Member of Parliament Everald Warmington tendered his resignation from the Andrew Holness-led Cabinet on Thursday (February 29), staving off further public fallout for the Jamaica Labour Party (JLP) after a revealing outcome in the Local Government Elections.
During a short meeting where the two exchanged gratitude, Warmington was reportedly given the stepping orders by Prime Minister Andrew Holness.
He relinquishes a nearly eight-year tenure as de facto works minister (Minister without Portfolio in the Ministry of Economic Growth and Job Creation) for cheap political points that failed to increase the JLP’s social capital with the people.
In case you missed arguably the biggest story this week, the four-time MP for South Western St Catherine found himself in familiar, controversial territory for vowing to manipulate government funding.
The threat was in direct response to People’s National Party (PNP) councillor-elect Kurt Waul, who defeated incumbent JLP candidate Lloyd Grant in the Old Harbour South Division.
Being situated in Warmington’s constituency, and flipping ‘orange’ in a shock upset, the partisan change drew the ire of the outspoken and unapologetic politician.
Indeed, Warmington is a polarising, enigmatic figure. The one thing he was not, however, is a liar. Like clockwork, Warmington repeatedly blows a fuse and never fails to say exactly what is on his mind, be it good (which was rare) or bad.
Here are eight immortalised instances of Everald Warmington at his worst, publicly:
March 8, 2011: Roughly a month after tendering his resignation from Parliament for holding dual citizenship, Warmington told CVM news anchor Kerlyn Brown to “go to hell” in a live television interview that night. He rejected calls for an apology, and the matter was as good as buried after he won the April 4 by-election to remain South Western St Catherine MP.

August 2015: Arriving at a JLP meeting at its Belmont Road headquarters, Warmington reportedly hit a female Jamaica Gleaner intern, hurled expletives at media personnel, ‘flipped the bird’ to journalists, and objected to his photograph being taken.

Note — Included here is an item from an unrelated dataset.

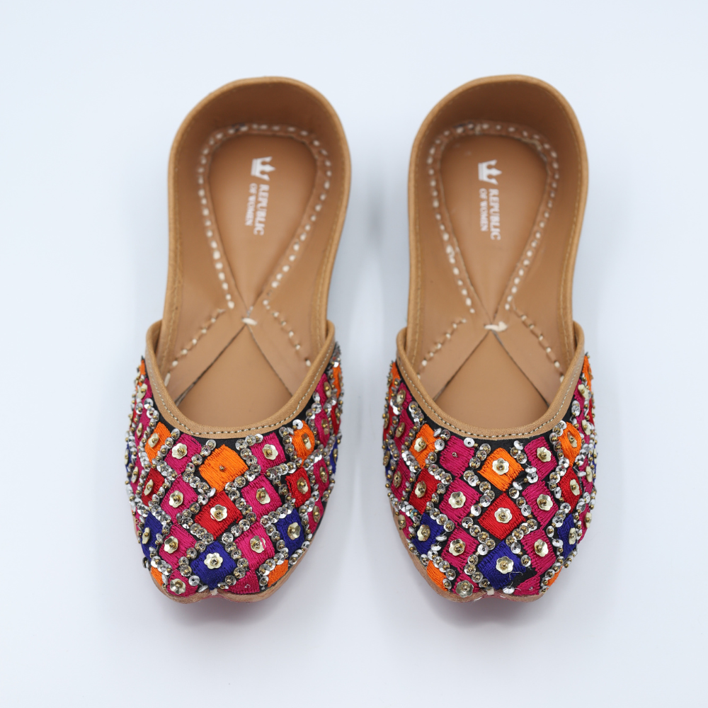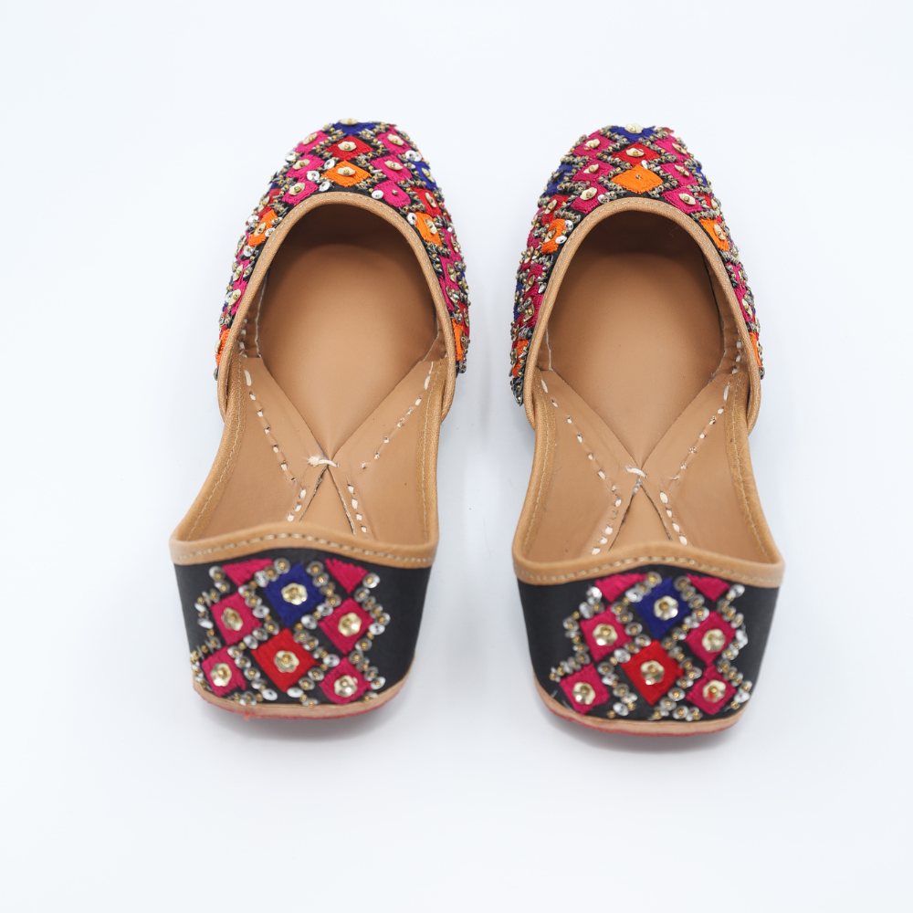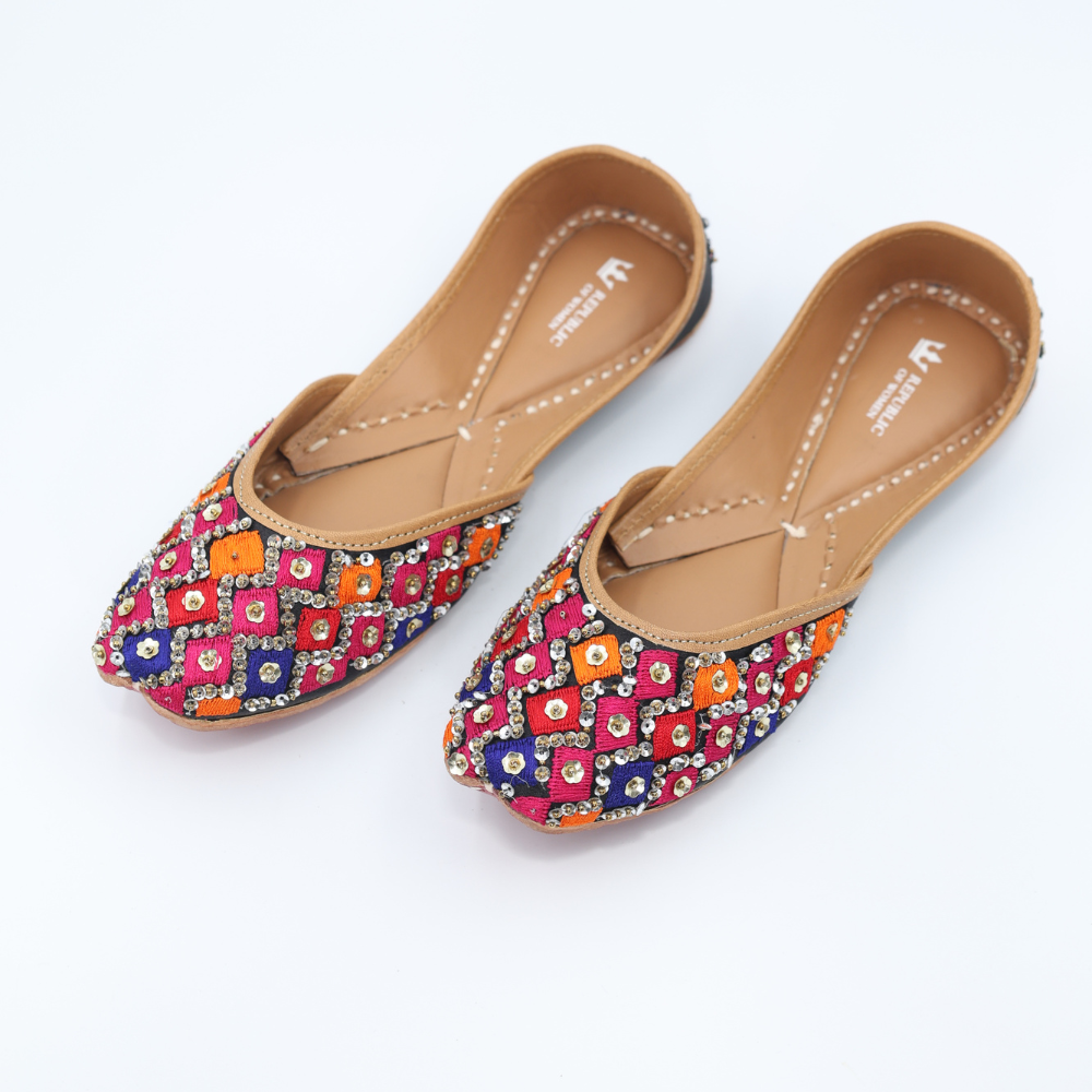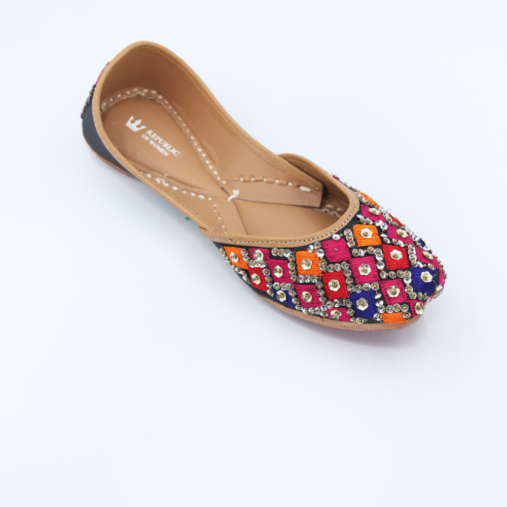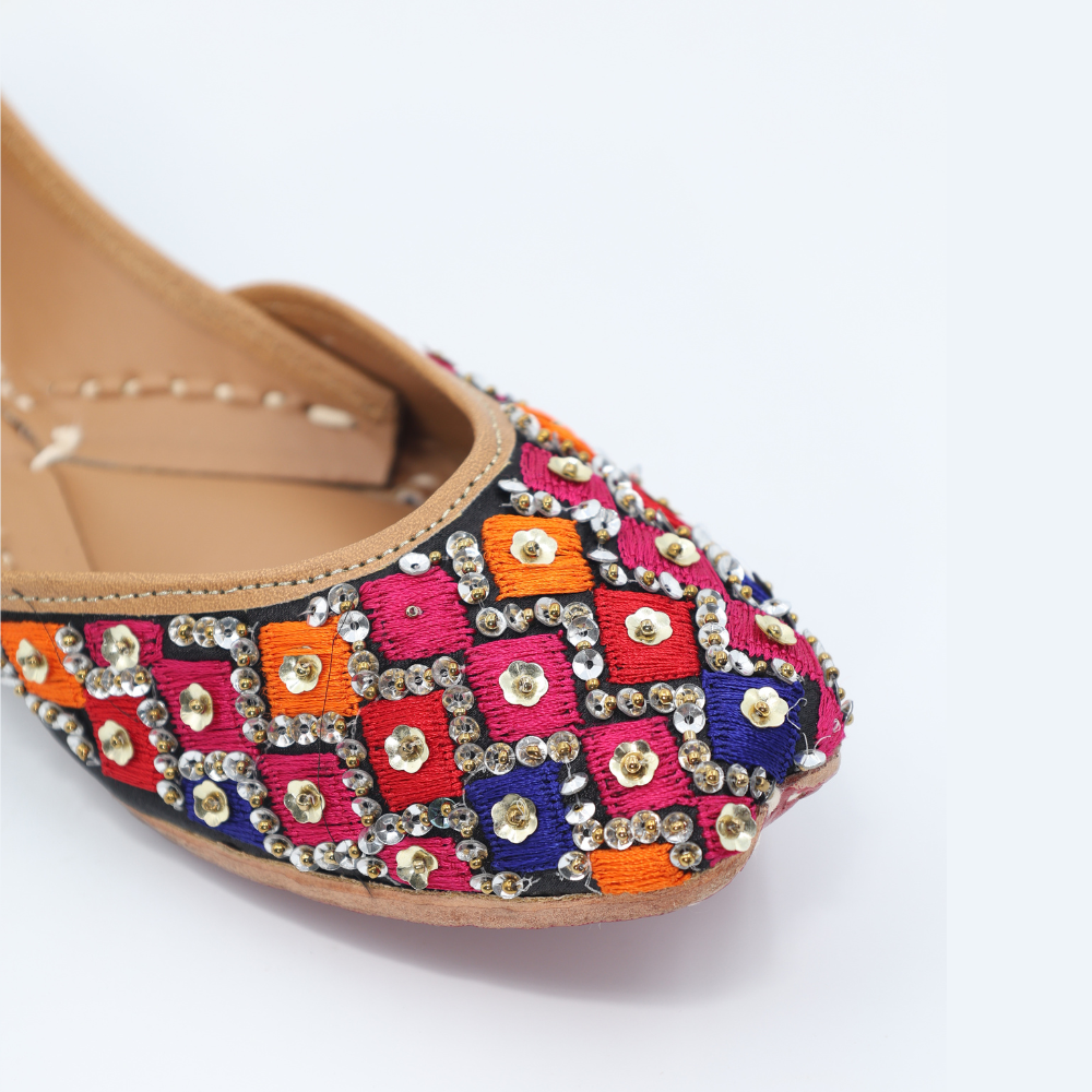 Bright, bold, and unapologetically festive. These mojris bring together hot pink, orange, blue, and black in a striking diamond grid, finished with gleaming kundan-style accents that catch every glimmer of light. Crafted in cloth with a sturdy leather sole, this pair is ready to steal scenes (and hearts).

October 2018: In his capacity as works minister, Warmington berated Business Access journalist Sashana Small in a telephone interview for asking him “damn nonsense” in connection to construction delays affecting the Hagley Park Road/Three Miles and Mandela Highway projects.
January 19, 2019: At the sitting of the House of Representatives, Warmington called Opposition MP Lisa Hanna “Jezebel” as a resolution to raise the minimum wage was being considered. He then labelled Richard Parchment and Mikael Phillips as “garbage”, immediately after withdrawing his barb at Hanna. “If it weren’t for politics a lowlife like you couldn’t talk to me.” Days later in a statement, Warmington insisted that he “didn’t invent the word [Jezebel]” and that it “aptly describes her behaviour”.
May/June 2021: Amid waves of the COVID-19 pandemic, Warmington went on an expletive-laced tirade against two policemen who seemed not to notice he was “exempt” from the island-wide curfew restrictions. The enraged minister, on realising he was being recorded outside the Old Harbour Bay Fisherman Co-operative building, then claimed the younger lawman had brandished his firearm at him. “Nuh try dis sh*t wid mi, Supt. Di man pull him clip a draw f#%ing gun here … . Dis bwoy can’t come tell mi what I’m exempt from.”
November 6, 2022: At a JLP constituency meeting, Warmington claimed that Opposition Leader Mark Golding‘s skin colour would be an obstacle to becoming prime minister. “So don’t talk say my leader born yah and you attack [Edward] Seaga and you don’t attack this leader. If he wants to be prime minister go back a England, Ireland, Wales and Scotland, but him nah beat Michael Andrew Holness, I don’t talk about colour and race, but they started it, so let me finish it.”
January 25, 2023: On tour in the North East St Elizabeth constituency, Warmington slammed former JLP leader Bruce Golding for ‘betraying’ the organisation he once led at the SSL scandal unfolded. According to him, it would have better served Golding not to say that the scandal reflected badly on the Government but instead contact Prime Minister Andrew Holness “and talk to him behind closed doors”.

July 25, 2023: Warmington lashes out against perceived attempts to “muzzle” him during a sitting of the Integrity Commission Oversight Committee. Claiming committee chairman Edmund Bartlett was silencing the ‘truth’, he walked out of the meeting. “If I can’t ask my question freely and you want to muzzle me, you can keep your meeting by yourself. You want to muzzle me and your rulings are, what I call it, your feeling with no basis.”